◆ Task material ◆
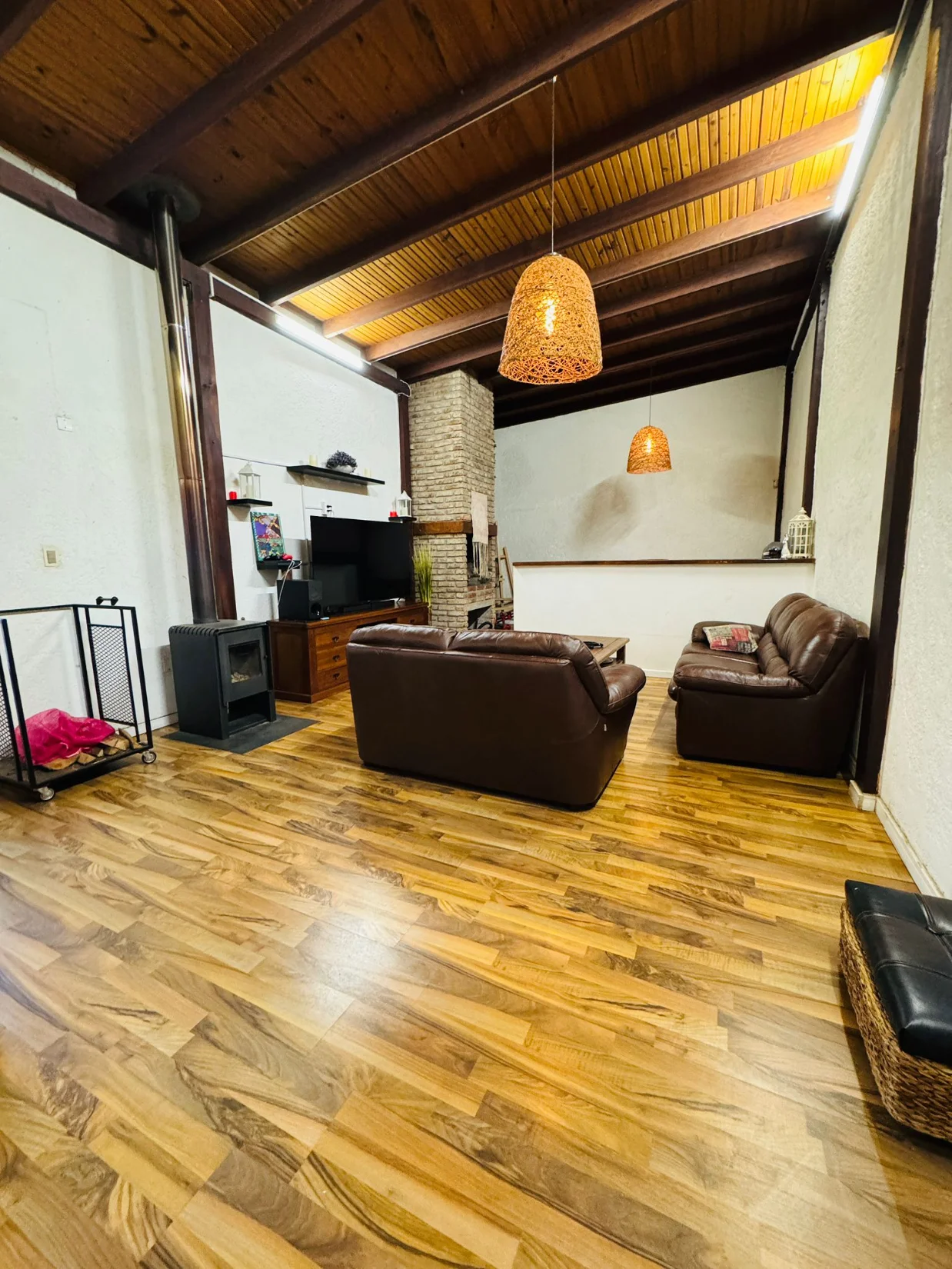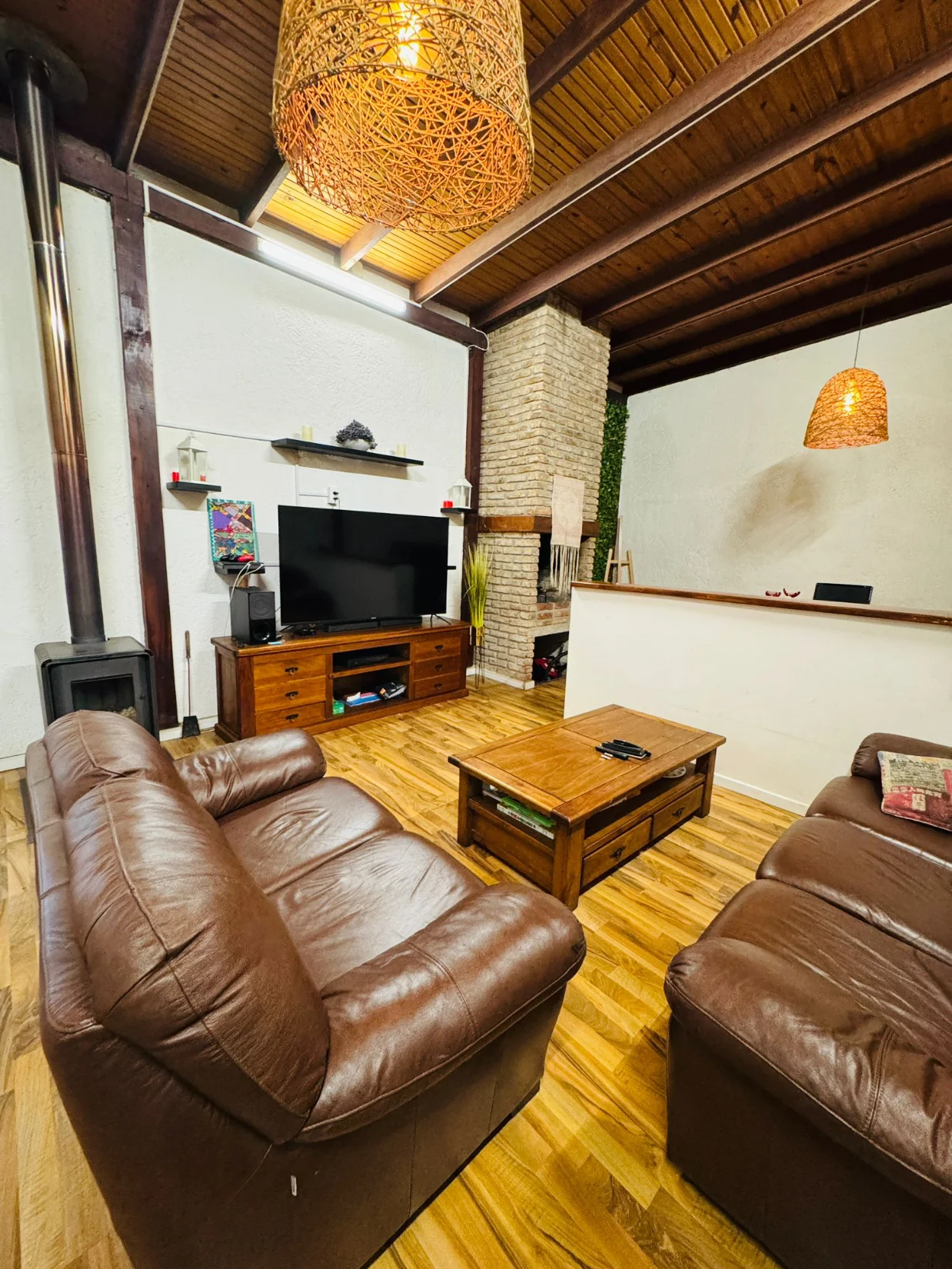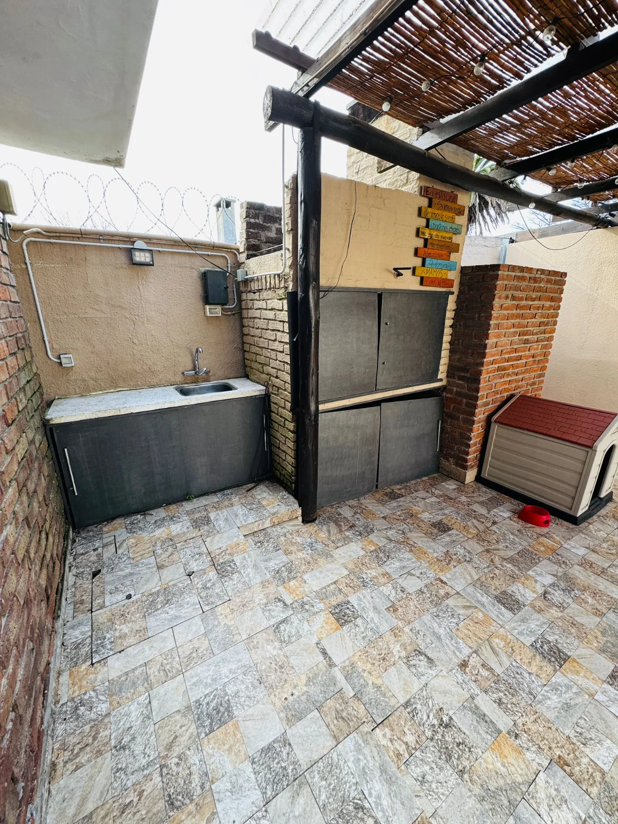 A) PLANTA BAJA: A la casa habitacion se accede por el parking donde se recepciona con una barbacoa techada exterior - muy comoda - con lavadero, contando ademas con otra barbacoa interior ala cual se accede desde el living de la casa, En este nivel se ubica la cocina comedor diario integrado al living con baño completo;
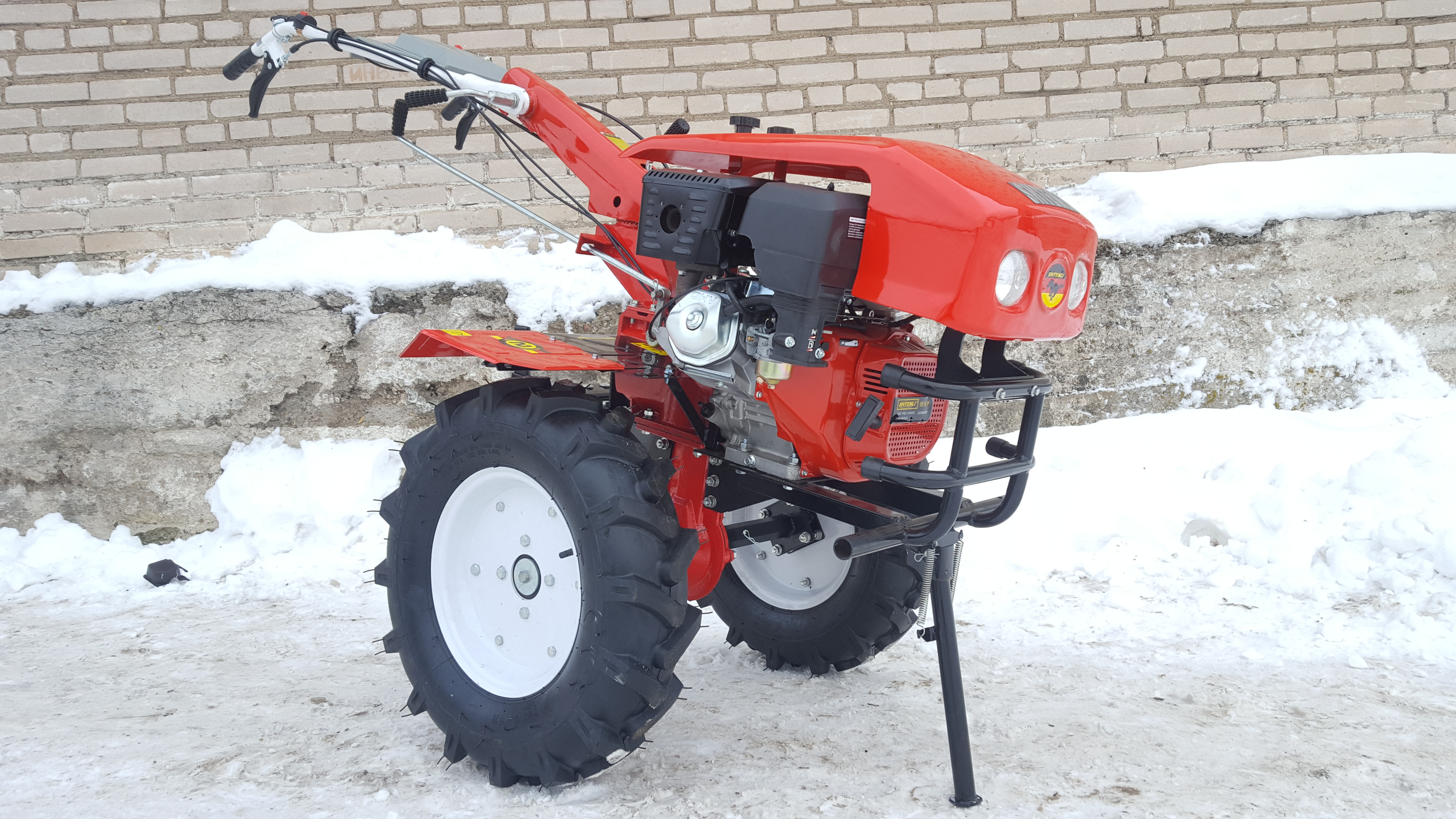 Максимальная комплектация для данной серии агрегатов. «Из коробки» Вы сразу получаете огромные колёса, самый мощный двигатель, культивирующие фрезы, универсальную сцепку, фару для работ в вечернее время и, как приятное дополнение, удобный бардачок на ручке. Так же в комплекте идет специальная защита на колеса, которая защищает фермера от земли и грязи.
==
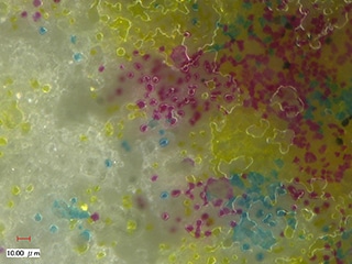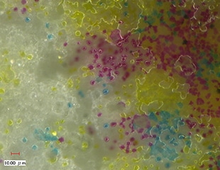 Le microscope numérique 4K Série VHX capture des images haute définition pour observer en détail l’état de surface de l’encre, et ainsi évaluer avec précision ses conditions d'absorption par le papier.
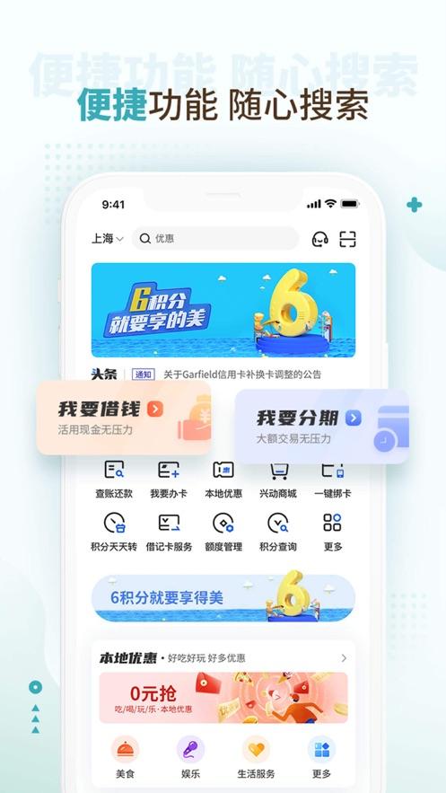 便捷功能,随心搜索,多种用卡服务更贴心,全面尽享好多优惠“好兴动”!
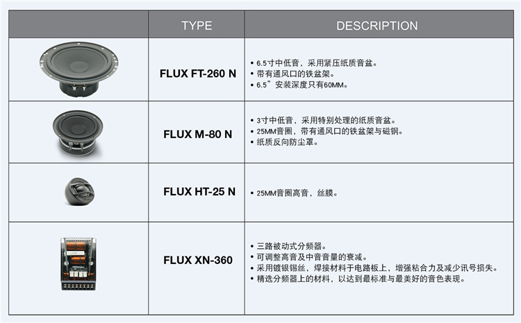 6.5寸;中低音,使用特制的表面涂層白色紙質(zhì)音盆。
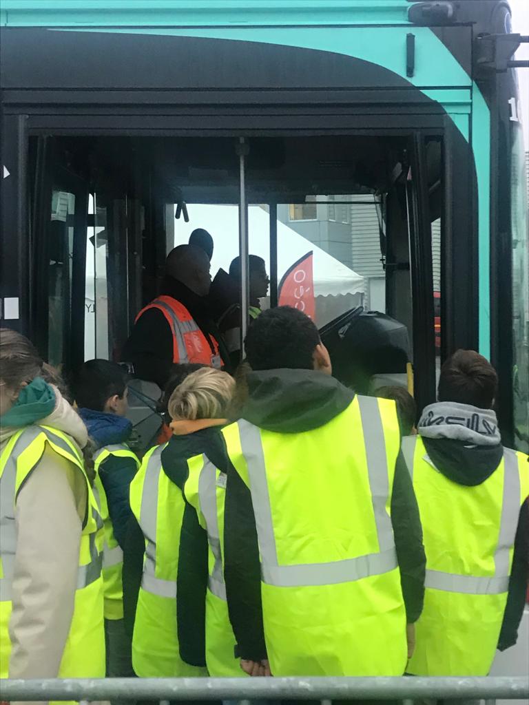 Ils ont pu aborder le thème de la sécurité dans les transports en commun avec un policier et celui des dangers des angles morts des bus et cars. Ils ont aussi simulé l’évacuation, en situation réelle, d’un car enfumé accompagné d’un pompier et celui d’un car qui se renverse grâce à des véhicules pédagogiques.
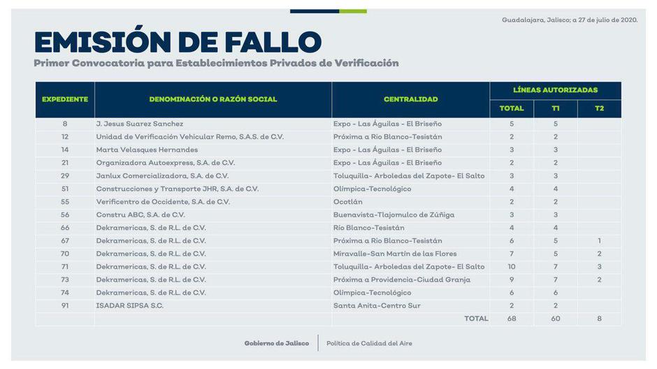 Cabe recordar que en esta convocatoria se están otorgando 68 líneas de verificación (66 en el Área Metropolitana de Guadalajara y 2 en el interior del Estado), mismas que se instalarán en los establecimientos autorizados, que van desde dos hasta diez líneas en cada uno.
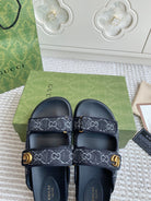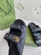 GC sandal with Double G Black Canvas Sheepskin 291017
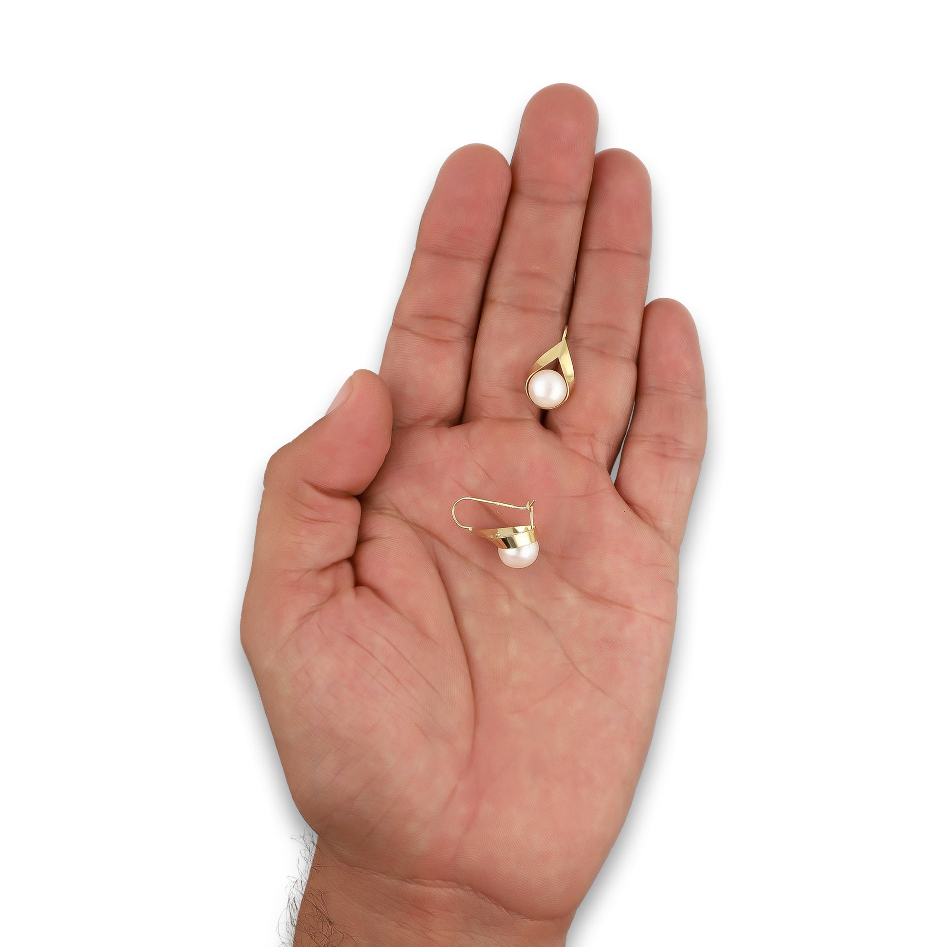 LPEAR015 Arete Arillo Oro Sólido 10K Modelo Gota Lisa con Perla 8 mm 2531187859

◆ What is expected ◆
Whatever pictures the records hold, omit them; give again exactly the lines from the one containing "A) PLANTA BAJA: A" through the one containing "Максимальная комплектация для".

◆ Response below ◆
 A) PLANTA BAJA: A la casa habitacion se accede por el parking donde se recepciona con una barbacoa techada exterior - muy comoda - con lavadero, contando ademas con otra barbacoa interior ala cual se accede desde el living de la casa, En este nivel se ubica la cocina comedor diario integrado al living con baño completo;
 Максимальная комплектация для данной серии агрегатов. «Из коробки» Вы сразу получаете огромные колёса, самый мощный двигатель, культивирующие фрезы, универсальную сцепку, фару для работ в вечернее время и, как приятное дополнение, удобный бардачок на ручке. Так же в комплекте идет специальная защита на колеса, которая защищает фермера от земли и грязи.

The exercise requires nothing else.